É uma frase – ou uma ideia e, talvez, quase um pilar civilizacional – que contém mundos dentro: “O meio é a mensagem”. Ao invés de se esgotar, esse pensamento, que Marshall McLuhan enunciou ainda na primeira metade dos anos 60, nunca foi tão premente quanto nesta era de constante revolução comunicacional em que parece que basta piscar os olhos para se perder uma qualquer nova tendência (será que se discute Tik Tok nas salas do Clubhouse?…). Portanto, neste estranho 2021, quando a aldeia global de que o teórico canadiano da comunicação também falou se parece ter fragmentado em bolhas forçadas ao confinamento (há quanto tempo não viajamos?), há que questionar qual é o meio de IKOQWE? Quer dizer, qual a via de comunicação que Batida, aka Pedro Coquenão, e Ikonoklasta, aka Luaty Beirão, elegeram para se fazerem ouvir? A internet, claro: mas esse é o meio que todo o planeta usa e que já não chega, por si só, para definir o significado da mensagem. The Beginning, The Medium, The End and The Infinite, o álbum de estreia da dupla, também elege como meio de expressão a música electrónica, mas, de certa maneira, toda a música que hoje se faz é electrónica já que pensada, executada e propagada sob a forma de zeros e uns. Então? Será o meio que importa sublinhar no caso IKOQWE o do afrofuturismo disruptivo? Talvez.
O álbum com que Batida e Ikonoklasta agora se (re)apresentam ao mundo sai numa editora belga e foi produzido acedendo, a partir de Lisboa e Luanda, a arquivos de música de Angola depositados na Cidade do Cabo, África do Sul… Talvez a aldeia ainda seja global, afinal de contas, e o Spotify seja a praça central onde todos os habitantes da aldeia se reúnem para escutar as novidades dos griots. E é isso que Pedro e Luaty podem reclamar ser: griots futuristas, os aventureiros que cruzam mundo para recolherem as histórias que depois vão transmitindo a quem lhes quiser dar ouvidos.
O meio aqui é, portanto, o da criatividade pura: música híbrida, revolucionariamente mestiça, que reclama a fundacional ideia da citação imposta pelo hip hop desde o início, adiciona-lhe décadas de um continuum dançante que continua a transmutar-se, pega na memória ancestral de ritmos culturalmente injectados no ADN dos seus autores e, com ferramentas americanas (obrigado, senhor Steve Jobs) ou japonesas (obrigado, senhor Roland…), com calão bem português e um libertário pensamento internacionalista, com cadências esculpidas pela diáspora, do Roque Santeiro à Trenchtown, da Buraca ao Bronx, oferecendo-nos no final de tão vasta viagem um objecto tão mutante quanto puro de intenções, tão dançante quanto denso de pensamentos, tão hedonista quanto sério nos seus propósitos.

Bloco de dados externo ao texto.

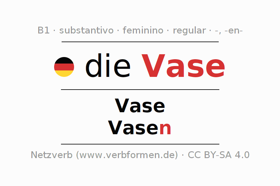 Declinação de Vase é apresentada em uma tabela com todas as formas no singular e no plural (plural) e em todos os quatro casos: nominativo (1º caso), genitivo (2º caso), dativo (3º caso) e acusativo (4º caso) . Especialmente para os alunos de alemão, a correta declinação da palavra Vase é fundamental.
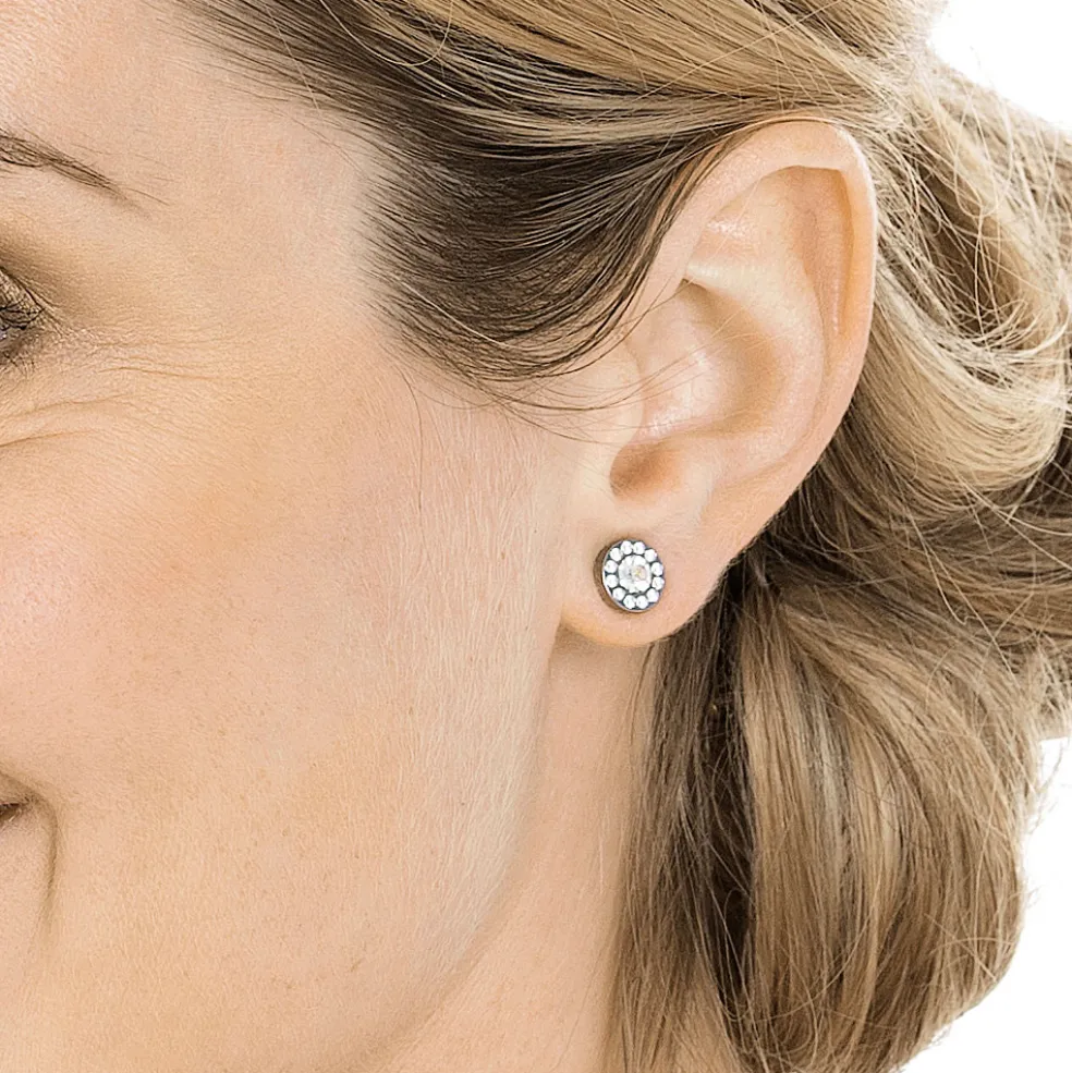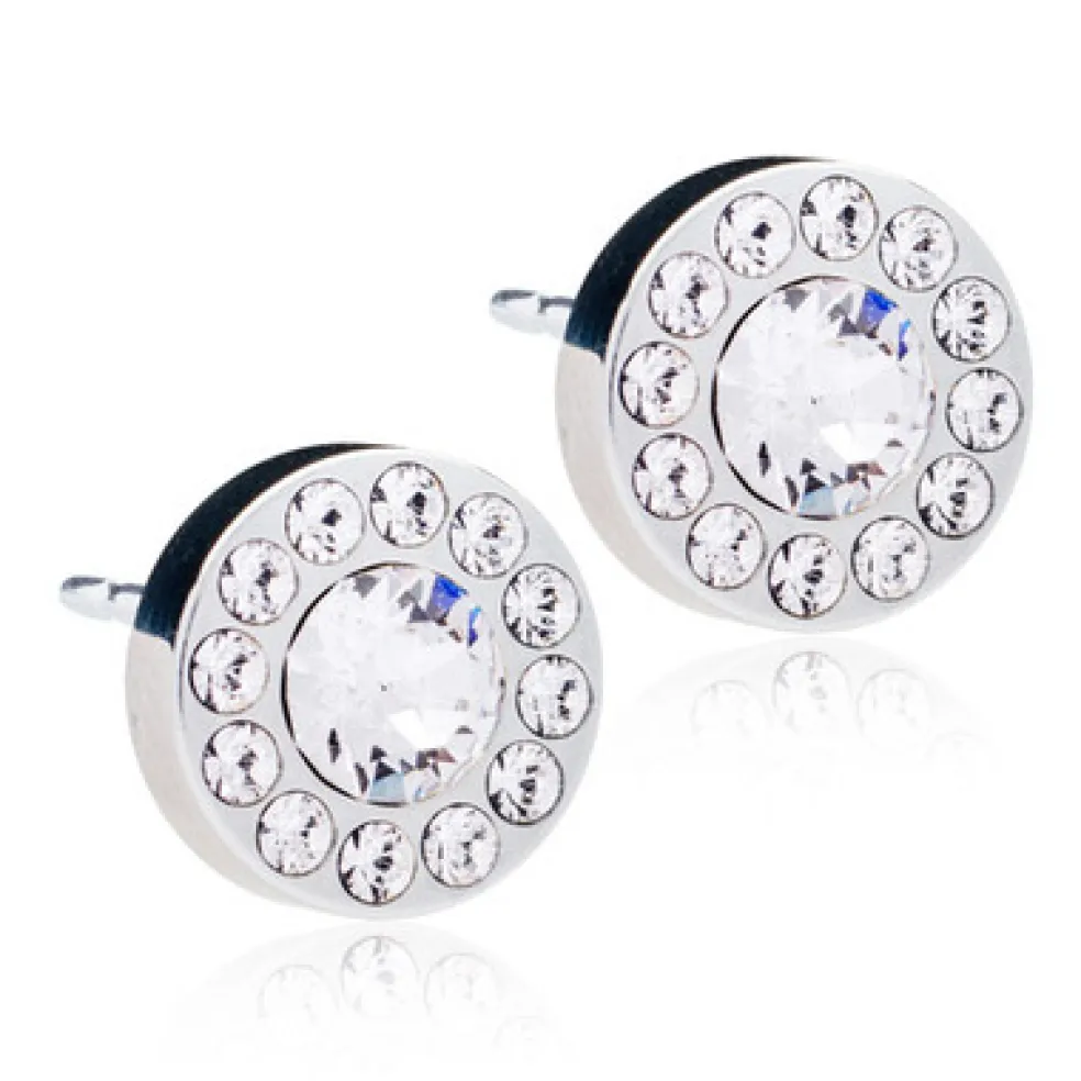 Runda örhängen i titan med klara kristaller på från Blomdahl Medical.
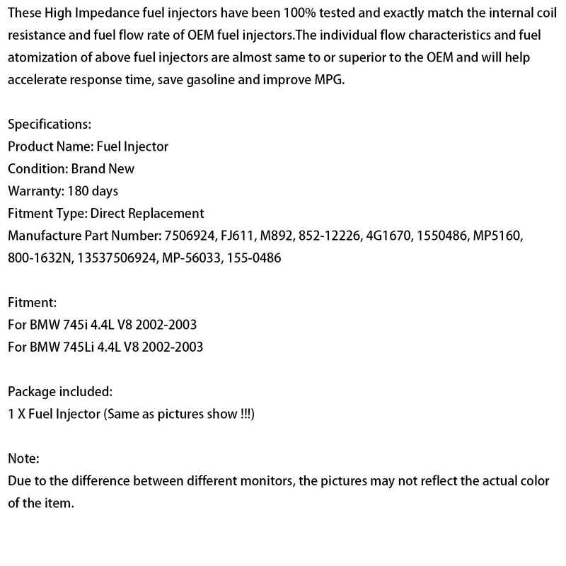1PCS Fuel Injector 7506924 Fit BMW 745i 745Li 4.4L V8 2002-2003 155-0486
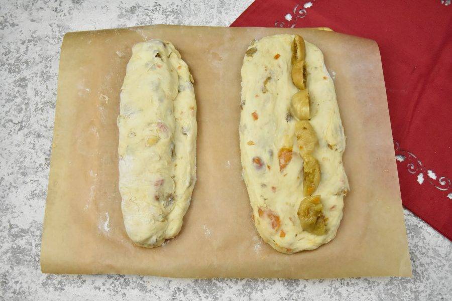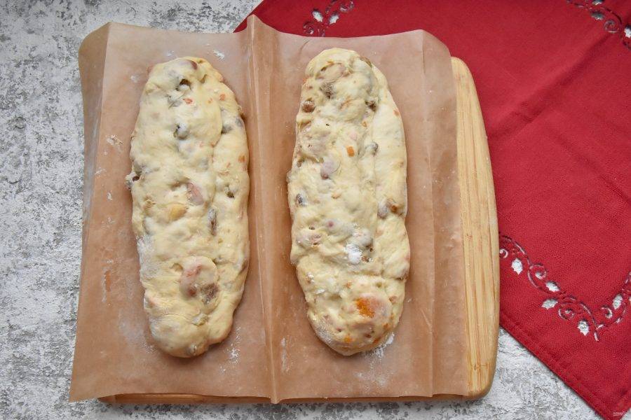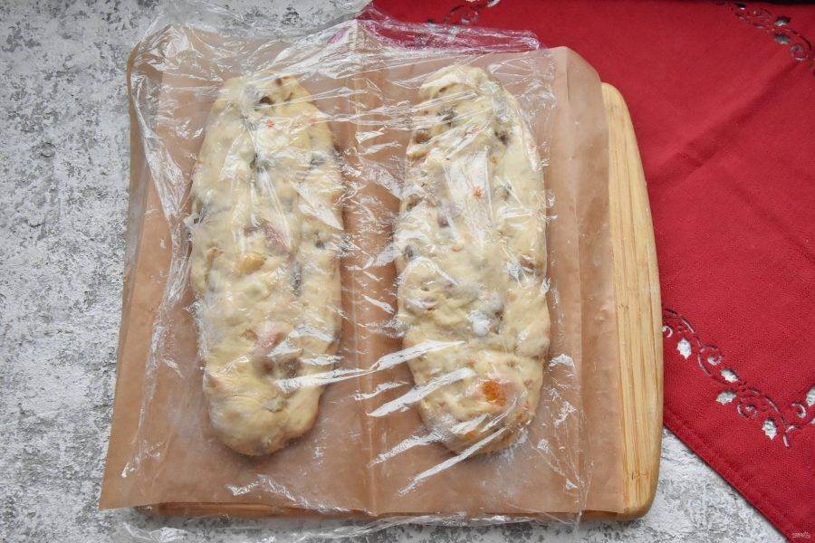 Переместите изделия на противень вместе с пергаментной бумагой. Штоллены накройте пищевой пленкой и оставьте на расстойку еще на 1-1,5 часа.

Este álbum é contido: para lá da dupla Batida/Ikonoklasta há apenas pontuais participações de Spoek Mathambo, CelesteMariposa e Octa Push, todos capazes de aditivar com preciosas ideias rítmicas a delirante paisagem electrónica em que se move IKOQWE. E para lá disso há farpas de linguagem: “já andei bué, falta muito?”, questiona-se em “Falta Muito?”, irónica questão que nos relembra de forma aguda que a batalha pela conquista de justiça já vai longa; em “Pele” fala-se da matéria que nos cobre os músculos ou da que vibra esticada nos tambores há milhares de anos? E não serão ambas a mesma coisa?; E em “Vão de C@n@!” relembra-se, com todo o poder do vernáculo, que a “batalha não faz a luta”. Mas se for para pelejar, se for caso de colocar esta música contra os nossos corpos, este balanço contra a nossa inércia, este poder propulsor contra a nossa falta de vontade em avançar é certo e sabido que é IKOQWE que ganha a luta.
Sintetizadores, cowbells, bombos e tarolas, kissanges e baixos-trovão, guitarras e flautas, mesa de mistura que cria espaço e compressores que trazem pressão para os ouvidos e para as pernas. Está tudo certo aqui: isto é música de um amanhã que se quer presente feita para um hoje que se quer diferente.